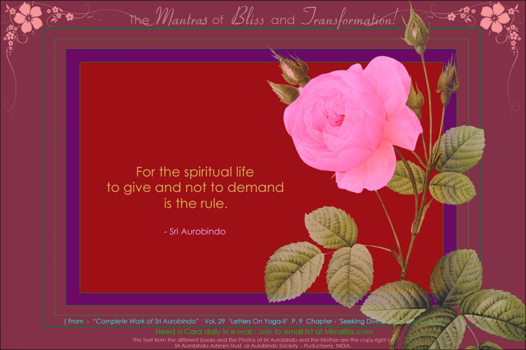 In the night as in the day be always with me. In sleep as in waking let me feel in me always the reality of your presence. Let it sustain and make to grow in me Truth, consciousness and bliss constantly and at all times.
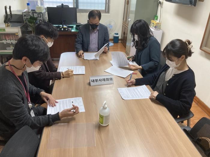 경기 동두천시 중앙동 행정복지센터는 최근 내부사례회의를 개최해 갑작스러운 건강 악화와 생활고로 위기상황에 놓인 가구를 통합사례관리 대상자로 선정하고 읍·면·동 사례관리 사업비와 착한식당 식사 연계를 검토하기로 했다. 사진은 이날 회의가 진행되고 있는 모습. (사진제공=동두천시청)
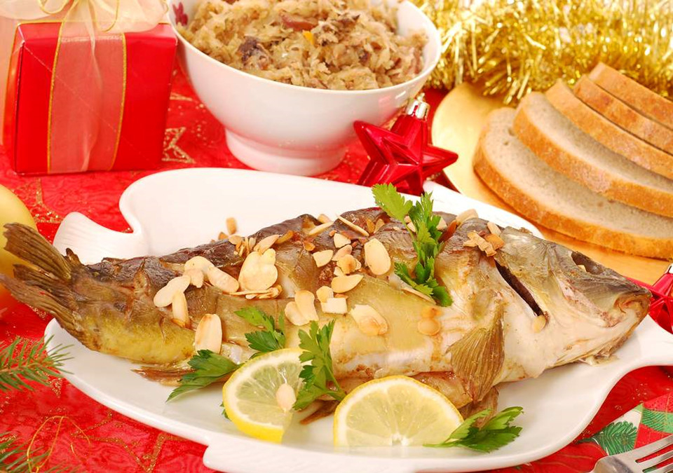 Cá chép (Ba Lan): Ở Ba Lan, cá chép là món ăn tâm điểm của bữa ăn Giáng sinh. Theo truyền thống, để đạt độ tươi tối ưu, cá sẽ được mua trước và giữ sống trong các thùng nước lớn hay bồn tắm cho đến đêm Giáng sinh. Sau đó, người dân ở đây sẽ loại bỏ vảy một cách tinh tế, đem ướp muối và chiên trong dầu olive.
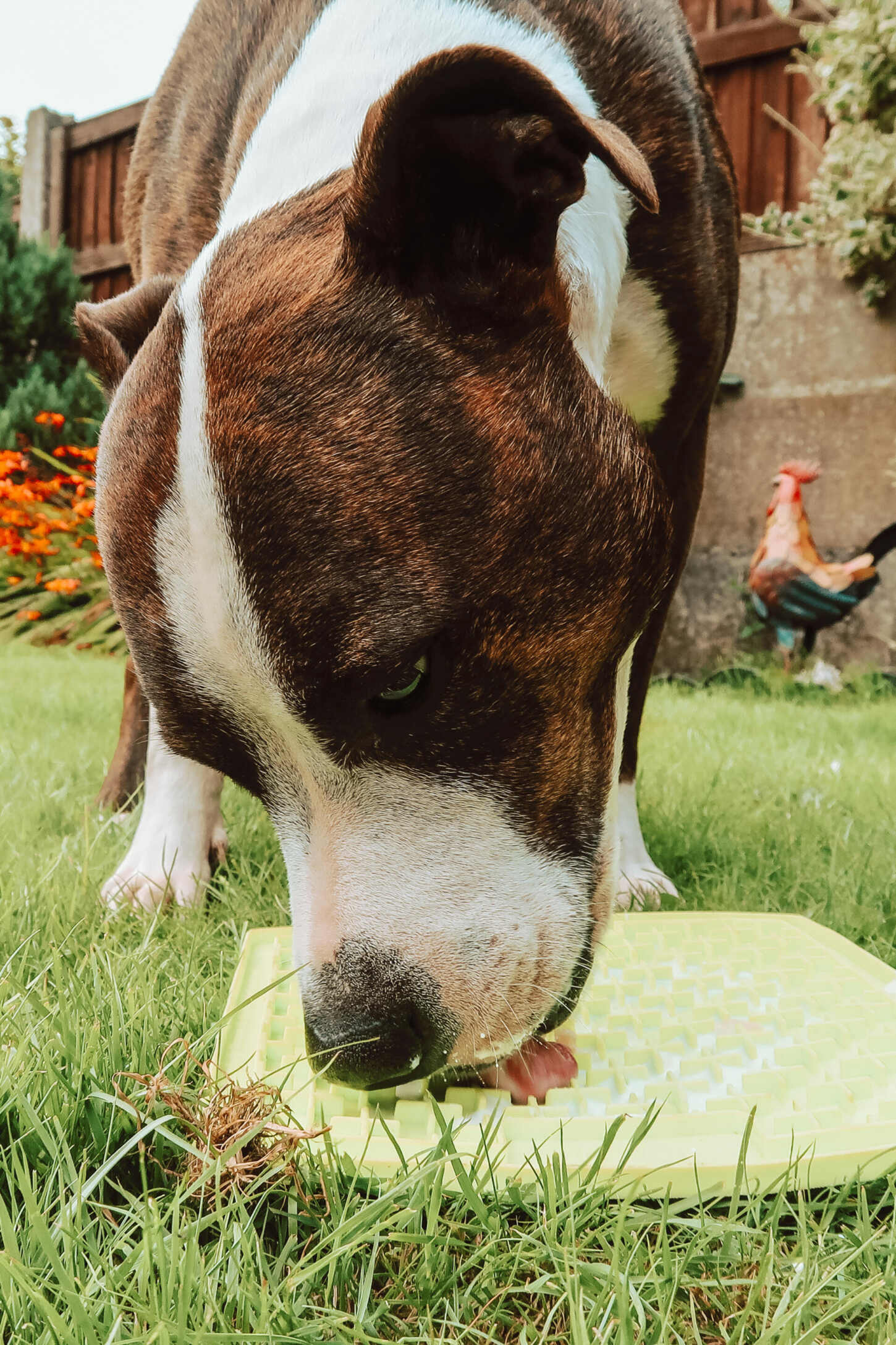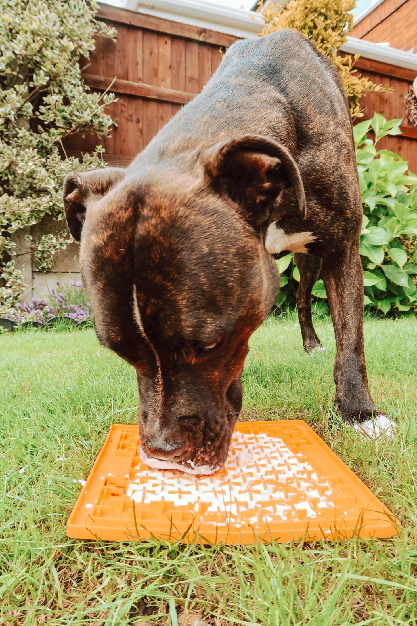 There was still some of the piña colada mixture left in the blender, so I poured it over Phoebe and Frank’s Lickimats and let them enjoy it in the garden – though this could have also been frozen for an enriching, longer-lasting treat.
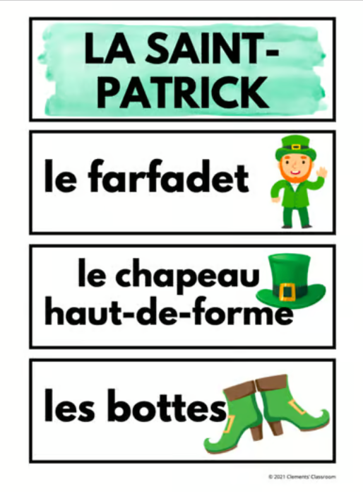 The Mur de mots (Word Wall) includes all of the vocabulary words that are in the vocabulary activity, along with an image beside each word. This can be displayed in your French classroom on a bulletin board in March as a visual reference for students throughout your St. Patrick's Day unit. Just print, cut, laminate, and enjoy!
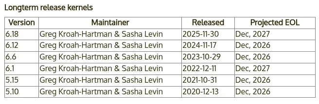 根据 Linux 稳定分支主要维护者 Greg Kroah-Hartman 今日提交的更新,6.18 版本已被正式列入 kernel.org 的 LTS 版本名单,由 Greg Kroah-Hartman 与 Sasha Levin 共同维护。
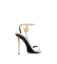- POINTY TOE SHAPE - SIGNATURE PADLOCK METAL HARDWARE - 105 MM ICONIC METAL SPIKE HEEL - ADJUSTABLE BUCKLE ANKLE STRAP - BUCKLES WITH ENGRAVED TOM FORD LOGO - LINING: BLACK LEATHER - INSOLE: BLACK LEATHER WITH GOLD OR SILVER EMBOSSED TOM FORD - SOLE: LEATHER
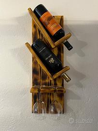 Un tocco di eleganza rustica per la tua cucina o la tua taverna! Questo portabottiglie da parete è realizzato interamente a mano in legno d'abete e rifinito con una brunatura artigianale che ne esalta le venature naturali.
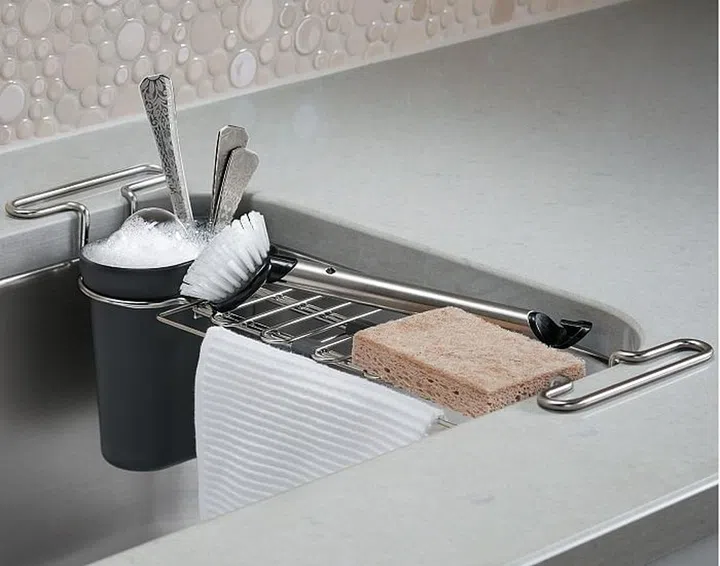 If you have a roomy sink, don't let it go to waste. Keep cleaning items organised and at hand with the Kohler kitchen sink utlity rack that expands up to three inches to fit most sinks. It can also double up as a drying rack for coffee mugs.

......

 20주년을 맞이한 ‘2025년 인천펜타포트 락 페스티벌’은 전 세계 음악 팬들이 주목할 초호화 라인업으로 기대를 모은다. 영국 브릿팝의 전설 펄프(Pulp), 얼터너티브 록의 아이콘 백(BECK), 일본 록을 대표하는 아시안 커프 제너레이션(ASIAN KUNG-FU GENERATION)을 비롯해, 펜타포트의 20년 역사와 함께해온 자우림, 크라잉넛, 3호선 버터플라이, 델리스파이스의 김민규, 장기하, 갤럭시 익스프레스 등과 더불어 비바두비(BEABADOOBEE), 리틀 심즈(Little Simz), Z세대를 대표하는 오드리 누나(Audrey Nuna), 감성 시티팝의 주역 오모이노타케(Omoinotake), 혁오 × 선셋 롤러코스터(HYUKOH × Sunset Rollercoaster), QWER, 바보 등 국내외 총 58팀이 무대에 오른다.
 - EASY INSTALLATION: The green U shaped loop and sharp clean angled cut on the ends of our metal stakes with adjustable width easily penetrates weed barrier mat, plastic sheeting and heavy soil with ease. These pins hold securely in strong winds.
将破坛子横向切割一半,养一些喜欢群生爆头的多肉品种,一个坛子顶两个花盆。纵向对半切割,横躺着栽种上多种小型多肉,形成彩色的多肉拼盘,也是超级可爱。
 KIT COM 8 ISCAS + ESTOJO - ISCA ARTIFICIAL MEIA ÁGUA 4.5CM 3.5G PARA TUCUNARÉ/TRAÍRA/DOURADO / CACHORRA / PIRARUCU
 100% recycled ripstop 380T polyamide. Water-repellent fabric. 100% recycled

......

## ASSIGNMENT
Among the entries above, take the lines from the one with "In the night" through the one with "There was still" and retype them exactly, leaving out the pictures.

## TASK OUTPUT
 In the night as in the day be always with me. In sleep as in waking let me feel in me always the reality of your presence. Let it sustain and make to grow in me Truth, consciousness and bliss constantly and at all times.
 경기 동두천시 중앙동 행정복지센터는 최근 내부사례회의를 개최해 갑작스러운 건강 악화와 생활고로 위기상황에 놓인 가구를 통합사례관리 대상자로 선정하고 읍·면·동 사례관리 사업비와 착한식당 식사 연계를 검토하기로 했다. 사진은 이날 회의가 진행되고 있는 모습. (사진제공=동두천시청)
 Cá chép (Ba Lan): Ở Ba Lan, cá chép là món ăn tâm điểm của bữa ăn Giáng sinh. Theo truyền thống, để đạt độ tươi tối ưu, cá sẽ được mua trước và giữ sống trong các thùng nước lớn hay bồn tắm cho đến đêm Giáng sinh. Sau đó, người dân ở đây sẽ loại bỏ vảy một cách tinh tế, đem ướp muối và chiên trong dầu olive.
 There was still some of the piña colada mixture left in the blender, so I poured it over Phoebe and Frank’s Lickimats and let them enjoy it in the garden – though this could have also been frozen for an enriching, longer-lasting treat.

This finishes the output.